- **Data extracts**:
..............................
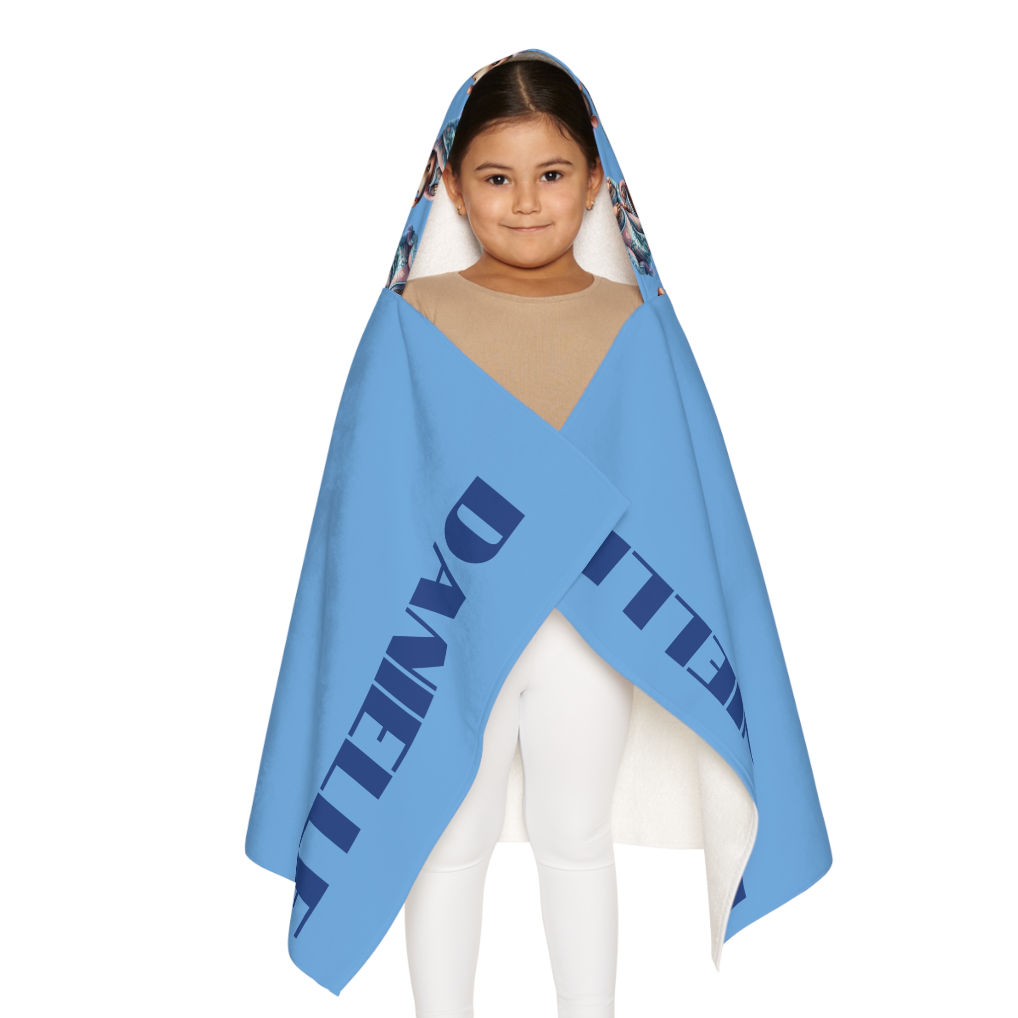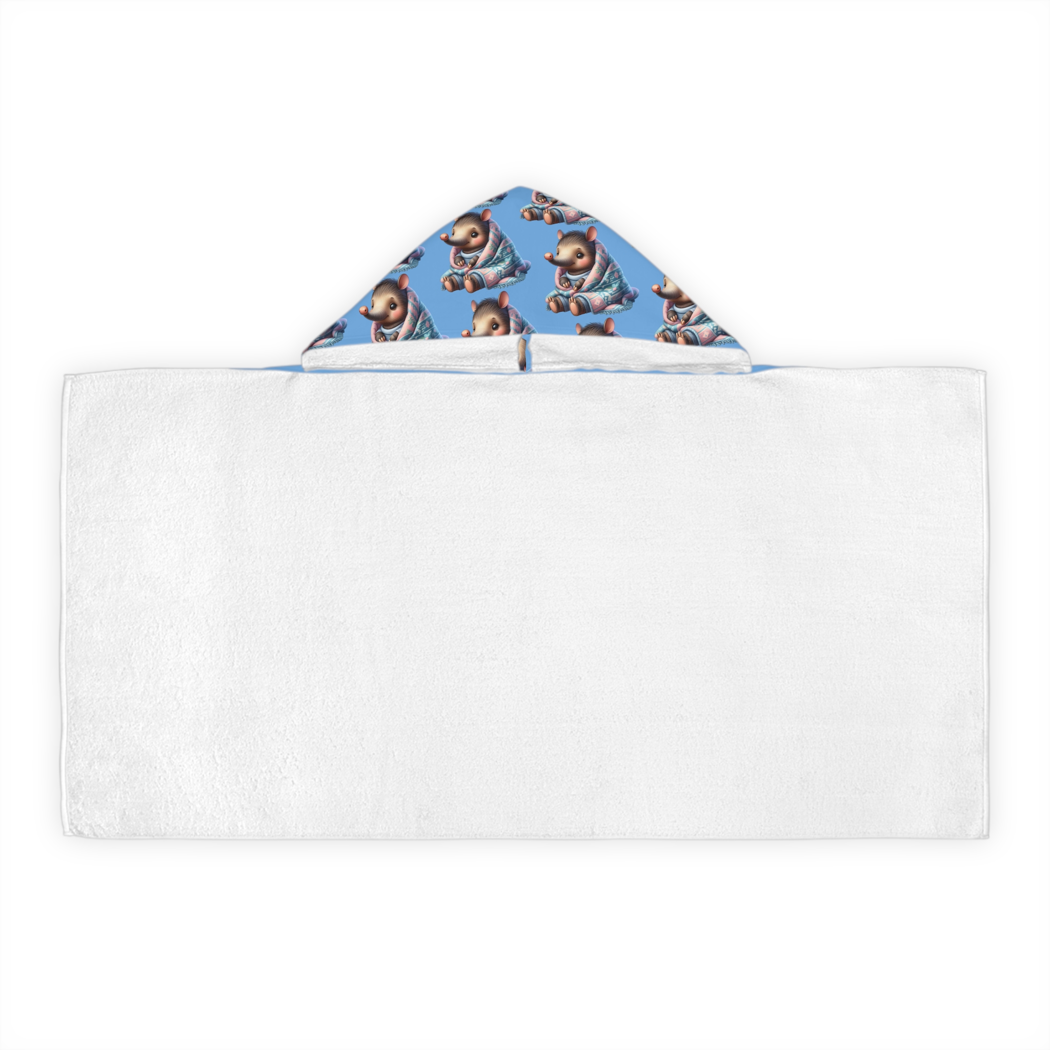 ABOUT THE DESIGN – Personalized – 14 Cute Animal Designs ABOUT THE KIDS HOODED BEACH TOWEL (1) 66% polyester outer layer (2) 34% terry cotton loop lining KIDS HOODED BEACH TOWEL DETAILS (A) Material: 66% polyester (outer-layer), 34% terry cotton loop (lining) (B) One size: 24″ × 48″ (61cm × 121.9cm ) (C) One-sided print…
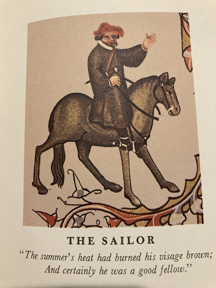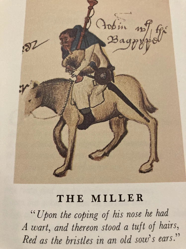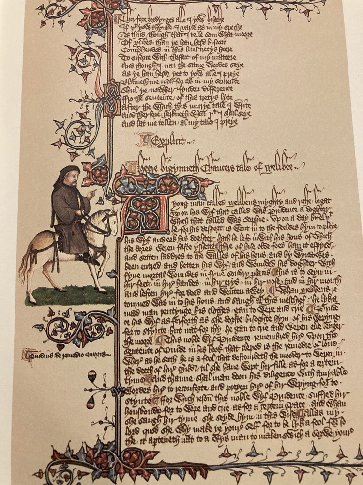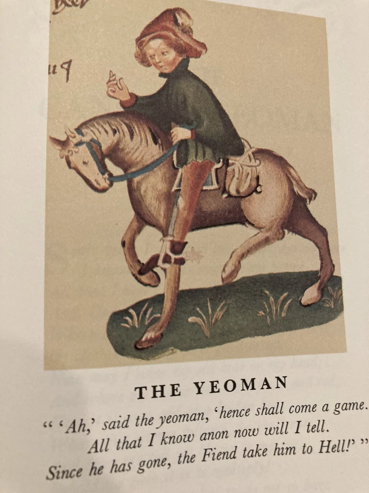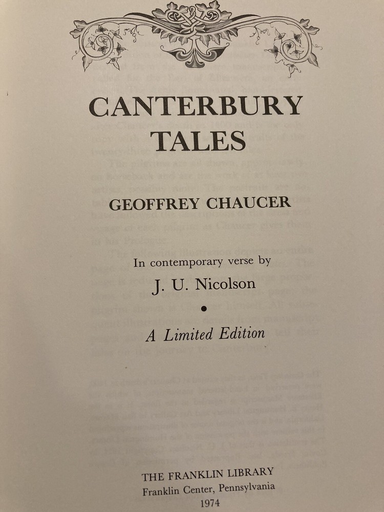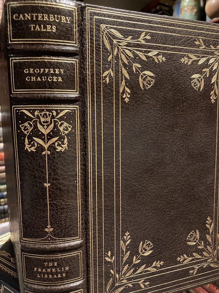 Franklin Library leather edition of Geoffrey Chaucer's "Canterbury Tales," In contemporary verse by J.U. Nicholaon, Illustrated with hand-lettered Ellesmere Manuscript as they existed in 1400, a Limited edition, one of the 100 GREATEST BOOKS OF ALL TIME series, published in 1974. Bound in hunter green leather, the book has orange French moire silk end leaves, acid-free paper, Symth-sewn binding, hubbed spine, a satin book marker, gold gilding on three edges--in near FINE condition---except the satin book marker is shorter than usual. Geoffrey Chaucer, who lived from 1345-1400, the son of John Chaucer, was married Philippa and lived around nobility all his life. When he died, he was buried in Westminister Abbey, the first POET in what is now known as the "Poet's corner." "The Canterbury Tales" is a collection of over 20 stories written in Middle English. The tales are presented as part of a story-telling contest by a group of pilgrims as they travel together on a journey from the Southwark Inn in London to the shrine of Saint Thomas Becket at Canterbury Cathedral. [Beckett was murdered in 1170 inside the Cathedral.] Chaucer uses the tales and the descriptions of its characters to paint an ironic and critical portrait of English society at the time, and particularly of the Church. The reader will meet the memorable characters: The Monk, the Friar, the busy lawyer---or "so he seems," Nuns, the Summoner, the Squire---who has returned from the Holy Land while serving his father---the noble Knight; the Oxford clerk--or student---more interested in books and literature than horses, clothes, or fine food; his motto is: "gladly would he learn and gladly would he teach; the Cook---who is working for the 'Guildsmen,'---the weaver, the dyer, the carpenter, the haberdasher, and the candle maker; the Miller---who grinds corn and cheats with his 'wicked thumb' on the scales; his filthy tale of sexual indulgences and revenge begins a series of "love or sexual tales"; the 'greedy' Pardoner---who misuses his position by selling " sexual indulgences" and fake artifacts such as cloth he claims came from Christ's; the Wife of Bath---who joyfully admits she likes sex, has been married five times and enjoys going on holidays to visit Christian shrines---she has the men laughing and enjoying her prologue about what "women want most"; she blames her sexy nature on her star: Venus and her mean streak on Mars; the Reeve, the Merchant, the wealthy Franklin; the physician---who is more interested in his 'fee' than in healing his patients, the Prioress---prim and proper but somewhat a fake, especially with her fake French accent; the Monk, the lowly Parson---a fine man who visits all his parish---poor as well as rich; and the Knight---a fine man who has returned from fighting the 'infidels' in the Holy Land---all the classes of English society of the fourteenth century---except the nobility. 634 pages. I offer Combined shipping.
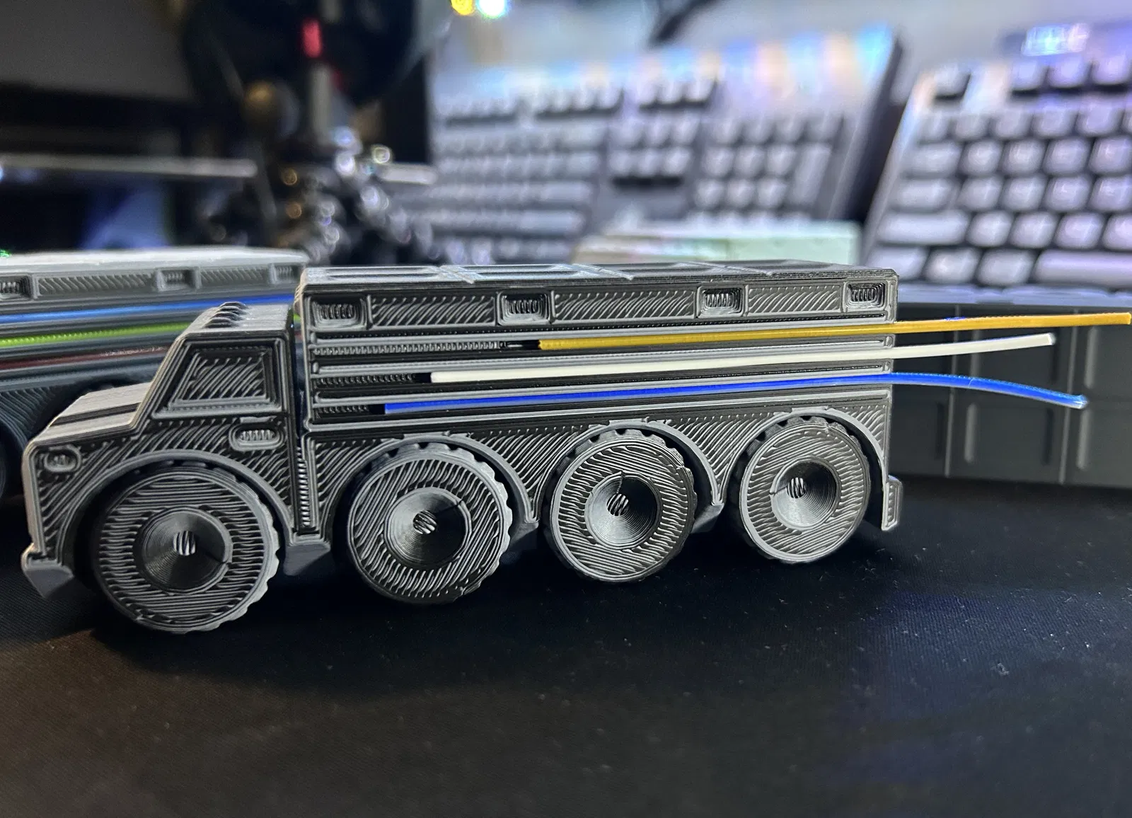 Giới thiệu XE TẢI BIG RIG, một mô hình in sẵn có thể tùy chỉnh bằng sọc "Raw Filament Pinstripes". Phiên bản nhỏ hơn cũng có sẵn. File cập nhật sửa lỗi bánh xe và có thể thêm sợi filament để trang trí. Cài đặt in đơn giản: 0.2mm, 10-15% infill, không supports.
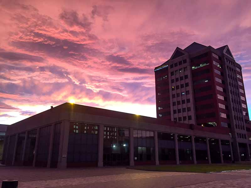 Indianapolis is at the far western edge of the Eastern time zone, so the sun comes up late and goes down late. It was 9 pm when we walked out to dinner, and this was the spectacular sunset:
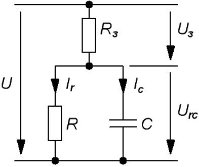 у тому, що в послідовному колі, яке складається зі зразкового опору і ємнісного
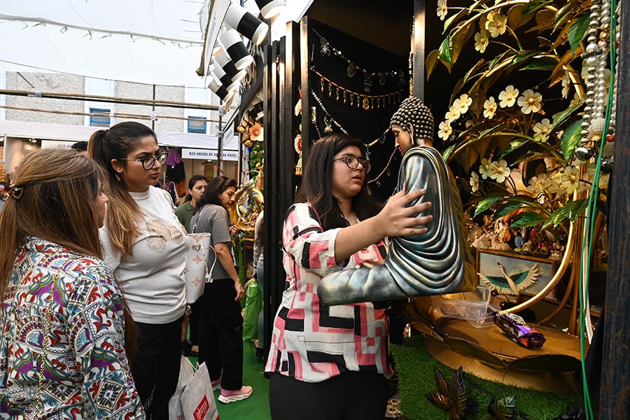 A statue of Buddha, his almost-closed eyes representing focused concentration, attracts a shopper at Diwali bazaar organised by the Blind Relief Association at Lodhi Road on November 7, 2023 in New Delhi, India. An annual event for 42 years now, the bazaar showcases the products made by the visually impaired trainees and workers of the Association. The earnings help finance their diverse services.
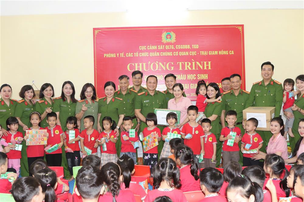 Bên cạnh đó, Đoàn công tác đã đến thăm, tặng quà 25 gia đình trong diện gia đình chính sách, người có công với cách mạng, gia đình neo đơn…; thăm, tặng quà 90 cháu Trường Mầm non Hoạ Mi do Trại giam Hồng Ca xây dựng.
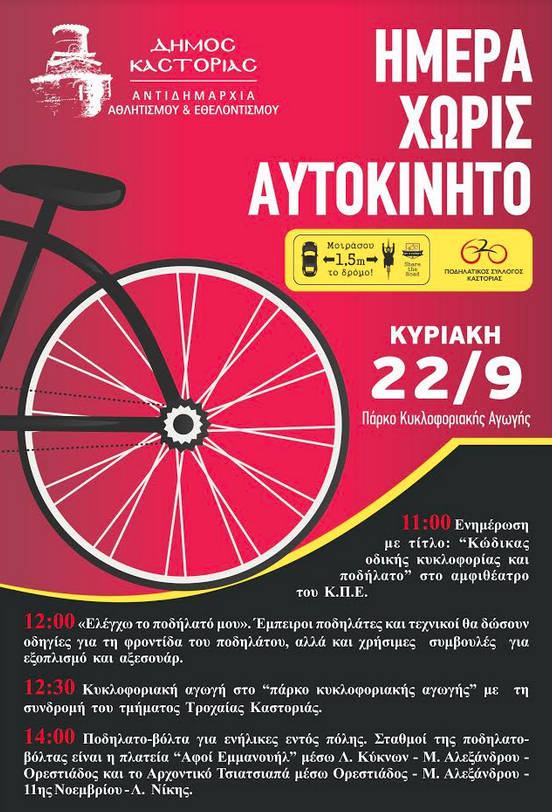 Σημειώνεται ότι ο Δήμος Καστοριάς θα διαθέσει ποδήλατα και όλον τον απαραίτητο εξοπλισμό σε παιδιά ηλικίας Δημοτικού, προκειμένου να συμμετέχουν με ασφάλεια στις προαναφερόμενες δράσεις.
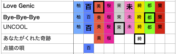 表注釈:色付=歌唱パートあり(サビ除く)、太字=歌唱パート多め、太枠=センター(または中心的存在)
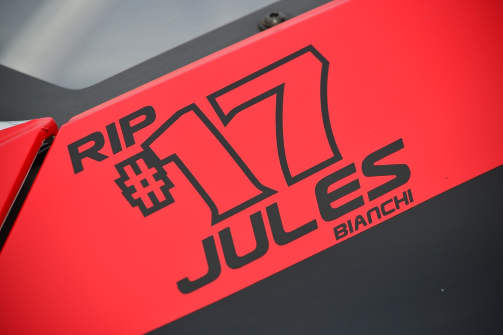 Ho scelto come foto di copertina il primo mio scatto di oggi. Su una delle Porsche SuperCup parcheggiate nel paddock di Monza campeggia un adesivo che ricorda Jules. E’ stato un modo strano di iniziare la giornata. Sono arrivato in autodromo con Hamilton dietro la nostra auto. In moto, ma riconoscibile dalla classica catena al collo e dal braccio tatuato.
..............................
- **Task instructions**:
Leave the pictures out, and copy exactly each line from the one containing "Bên cạnh đó, Đoàn" through the final line of the data.

- **Written response**:
 Bên cạnh đó, Đoàn công tác đã đến thăm, tặng quà 25 gia đình trong diện gia đình chính sách, người có công với cách mạng, gia đình neo đơn…; thăm, tặng quà 90 cháu Trường Mầm non Hoạ Mi do Trại giam Hồng Ca xây dựng.
 Σημειώνεται ότι ο Δήμος Καστοριάς θα διαθέσει ποδήλατα και όλον τον απαραίτητο εξοπλισμό σε παιδιά ηλικίας Δημοτικού, προκειμένου να συμμετέχουν με ασφάλεια στις προαναφερόμενες δράσεις.
 表注釈:色付=歌唱パートあり(サビ除く)、太字=歌唱パート多め、太枠=センター(または中心的存在)
 Ho scelto come foto di copertina il primo mio scatto di oggi. Su una delle Porsche SuperCup parcheggiate nel paddock di Monza campeggia un adesivo che ricorda Jules. E’ stato un modo strano di iniziare la giornata. Sono arrivato in autodromo con Hamilton dietro la nostra auto. In moto, ma riconoscibile dalla classica catena al collo e dal braccio tatuato.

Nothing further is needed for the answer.